Class BloomFilter<T>

  • Type Parameters:
    T - the type of instances that the BloomFilter accepts
    All Implemented Interfaces:
    Predicate<T>, java.io.Serializable

    @Beta
    public final class BloomFilter<T>
    extends java.lang.Object
    implements Predicate<T>, java.io.Serializable
    A Bloom filter for instances of T. A Bloom filter offers an approximate containment test with one-sided error: if it claims that an element is contained in it, this might be in error, but if it claims that an element is not contained in it, then this is definitely true.

    If you are unfamiliar with Bloom filters, this nice tutorial may help you understand how they work.

    The false positive probability (FPP) of a bloom filter is defined as the probability that mightContain(Object) will erroneously return true for an object that has not actually been put in the BloomFilter.

    Since:
    11.0
    See Also:
    Serialized Form
    • Method Summary

      All Methods Static Methods Instance Methods Concrete Methods 
      Modifier and Type Method Description
      boolean apply​(T input)
      Equivalent to mightContain(T); provided only to satisfy the Predicate interface.
      BloomFilter<T> copy()
      Creates a new BloomFilter that's a copy of this instance.
      static <T> BloomFilter<T> create​(Funnel<T> funnel, int expectedInsertions)
      Creates a BloomFilter with the expected number of insertions and a default expected false positive probability of 3%.
      static <T> BloomFilter<T> create​(Funnel<T> funnel, int expectedInsertions, double fpp)
      Creates a BloomFilter with the expected number of insertions and expected false positive probability.
      boolean equals​(java.lang.Object object)
      Indicates whether another object is equal to this predicate.
      double expectedFpp()
      Returns the probability that mightContain(Object) will erroneously return true for an object that has not actually been put in the BloomFilter.
      int hashCode()  
      boolean isCompatible​(BloomFilter<T> that)
      Determines whether a given bloom filter is compatible with this bloom filter.
      boolean mightContain​(T object)
      Returns true if the element might have been put in this Bloom filter, false if this is definitely not the case.
      boolean put​(T object)
      Puts an element into this BloomFilter.
      void putAll​(BloomFilter<T> that)
      Combines this bloom filter with another bloom filter by performing a bitwise OR of the underlying data.
      • Methods inherited from class java.lang.Object

        getClass, notify, notifyAll, toString, wait, wait, wait
    • Method Detail

      • copy

        public BloomFilter<T> copy()
        Creates a new BloomFilter that's a copy of this instance.

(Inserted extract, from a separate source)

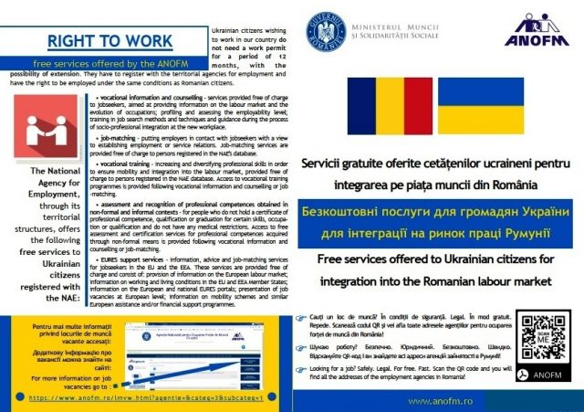ANOFM a elaborat un pliant în limba română, ucraineană și engleză, material ce este postat pe siteul www.anofm.ro și pe rețele de socializare. Pliantul conține și cod QR cu datele de contact ale tuturor agențiilor județene, locale, puncte de lucru, din țară.

The new instance is equal to this instance but shares no mutable state.
        Since:
        12.0
      • mightContain

        public boolean mightContain​(T object)
        Returns true if the element might have been put in this Bloom filter, false if this is definitely not the case.
      • put

        public boolean put​(T object)
        Puts an element into this BloomFilter. Ensures that subsequent invocations of mightContain(Object) with the same element will always return true.
        Returns:
        true if the bloom filter's bits changed as a result of this operation. If the bits changed, this is definitely the first time object has been added to the filter. If the bits haven't changed, this might be the first time object has been added to the filter. Note that put(t) always returns the opposite result to what mightContain(t) would have returned at the time it is called."
        Since:
        12.0 (present in 11.0 with void return type})
      • expectedFpp

        public double expectedFpp()
        Returns the probability that mightContain(Object) will erroneously return true for an object that has not actually been put in the BloomFilter.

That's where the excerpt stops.